Kolesterol nedir?

İnsan damarları, kan dediğimiz pek çok özelliği olan maddeyi organlara taşıyarak hem dokuların beslenmesini hem de kanın yararlı içeriği ile yaşamın değişik şekillerde devamını sağlar. Bu nedenle yaşam boyu damarlarda tıkanıklık olmaması oldukça önemli bir durumdur. Ne var ki metabolik hastalıklarda ya da tam olarak anlaşılmayan özel yatkınlık durumlarında damar duvarları kalınlaşır ve kan akımı için uygun olmayan ortamlar doğar. Dokuların kanla yeterince beslenmemesi, kansızlığın yarattığı bilinen sorunları doğurur. Damarlar soğan kabuğu gibi iç içe zarlardan oluşur. Kanla temasın olduğu yerde damar iç zarı vardır; iç zar hücrelerinden zaman zaman bazı maddeler geçebilir ve bunlardan biri de kolesteroldür.

Kolesterol, yaşam için gerekli yağımsı bir özdektir. Tüm vücutta yaygın olarak bulunur. Başlıca bulunduğu yerler ise beyin, sinir, kaslar,  karaciğerdir. Vücut -kolesterolü kullanarak- hormonları, yağları eriten safra asitlerini üretir. Bütün bunlar da yaşam için temel istemlerdir.
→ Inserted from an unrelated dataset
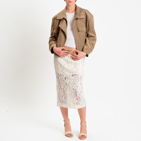 Tensione in-Gonna pizzo macramè elastico in vita - burro

Damarların çatallanma bölgelerinde kan akımı özellikleri bozulduğu zaman, iç zarlardaki geçirgenlik bozulur ve bazı maddeler damar duvarına geçer. Böylece, damar duvarı şişer ve damar içine kolesterole ek olarak kalsiyum alyuvarlar ve akyuvarlar geçer. Bu durum da damar sertliği ve kireçlenmesi dediğimiz duruma yol açar. Az kan alan organın özelliğine göre yakınmalar ortaya çıkar. Sözgelimi kalpte ise hareketle başlayan göğüs ağrısı, kalp krizi; ayaklarda ise, yürümekle gelen hareketi engelleyen ağrı yakınmaları ortaya çıkar. Bazı durumlarda (stres, gıda- şişmanlık gibi) kolesterol düzeyi yüksektir.
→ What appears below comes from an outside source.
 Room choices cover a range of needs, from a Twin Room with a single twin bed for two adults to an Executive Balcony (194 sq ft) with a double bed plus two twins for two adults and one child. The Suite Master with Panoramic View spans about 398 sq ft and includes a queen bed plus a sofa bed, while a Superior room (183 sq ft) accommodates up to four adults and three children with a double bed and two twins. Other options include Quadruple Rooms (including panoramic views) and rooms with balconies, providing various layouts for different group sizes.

Herkes tarafından ilgilenilen bir konu olduğu için, kolesterolle ilgili bazı gerçeklerin bilinmesinde yarar vardır. Kolesterol, ölümcül bir madde değildir; memeliler için temeldir. Ruhsal gerginlik, hareket alışkanlıkları ve kilodaki değişmeler kolesterol düzeyini değiştirir. Aşırı yüksek kolesterol tek başına tehlikeli değildir; bazı risk etmenleri ile birleştiğinde sağlıksız bir yapıyı belirtir. Yüksek kolesterol düzeylerinin damar sertliğini tetiklediği belirtilir. Damar sertliği, kolesterol düzeyi düşük insanlar arasında da görülebilir. Diyetteki yüksek orandaki hayvansal yağların damar sertliğini belirgin olarak artırdığına dair güvenilir kanıtlar yoktur. Kolesterol üretimi az kolesterollü diyette artar, çok kolesterollü diyette azalır. Kolesterol ilaçla düşürülebilir. Ayrıca, kolesterol düşürücü ilaçların ölüm ve has ta yakınmalarında azalma sağlamadığı gözlenmiştir. Yeni kuşak kolesterol düşürücü ilaçlarda kalp kaynaklı yakınmaların azaldığı gözlenmesine rağmen, bu durumun başka etmenlerle olduğu düşünülmektedir.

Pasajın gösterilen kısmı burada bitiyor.